To prepare data for the SOM function a random sample of the classifiers for the trained data were extracted, along with their associated behaviour, and combined into a list with 2 elements (measurements and activity). This list was then input into the function supersom.R function, with the grid argument defined using the somgrid.R function [e.g. supersom(TrainingData, grid = somgrid(7, 7, "hexagonal"))]. The 7 x 7 grid function was chosen based on 12 behaviours, with 4 elements for each behaviour (12 x 4 = 48). For map symmetry we rounded the map output to 49 hexagonal spaces to spread the output data in a 2-dimensional space (Jahan et al. 2013; Schulz & Dominik, 2013; Stefanovic & Kurasova (2011b). The output of the supersom function was then used as the input into a predict.R function, with the newdata argument directed to a testing data set, which was a similar 2 element list containing all samples not included in the training data set [e.g. predict(ssomOutput, newdata = testData)].
We then built a confusion matrix from the output of the predict function, using the table.R function with predictions compared with the testData set [e.g. table(predictions = ssom.pred$predictions$activity, activity = testData$activity) ]. The confusion matrix was then finally used to compute four specific accuracy metrics – sensitivity (or recall), precision, specificity, as well as overall accuracy.
To identify relationships between the size of training dataset, we trained a randomised subset of the BibOFF training data, to predict the remaining BibOFF data from all cats. We tested 35 different subset sample sizes from 100–100,000, replicating each sample size ten times (with replacement) to determine variation at each sample size.

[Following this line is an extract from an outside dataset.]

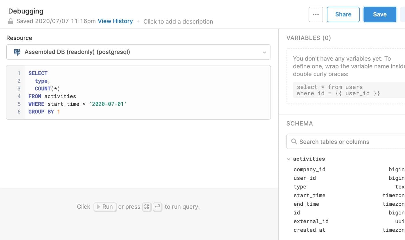 Retool also has a neat feature called the Query Library, which can be used as a nice SQL interface with access to database schemas, or to save and share queries amongst the team. At Assembled we use it extensively, whether it's engineers debugging support issues or business folks building user-facing analyses. Among other things, we consider simple, secure access to be a killer feature in its own right—before Retool, we had to specifically set up SSH access and explain tunneling in order for a Data Scientist on the team to run queries.

We then tested the extent to which accelerometer traces are modified by the presence of the CatBib™. This modification was indicated by a change in overall prediction accuracy of the SOM between BibOFF and BibON treatments. To do this, we trained the SOM using a subset of the trained data for BibOFF and tested it against annotated classified BibON samples. In order to statistically compare results from bootstrap resampling, we took the median among bootstrap samples as the estimate of performance and quantified uncertainty using the corresponding 2.5th and 97.5th percentiles to represent credible 95% confidence intervals (CIs). If CIs for any pair of estimates (medians) do not overlap, then this is evidence of a significant difference between the estimates. If, however, one estimated median fell within the confidence interval for another estimate, then this was used as evidence of a lack of significant difference. For all other outcomes, differences are equivocal, and we interpreted them tentatively on the basis of the relative overlap in CIs.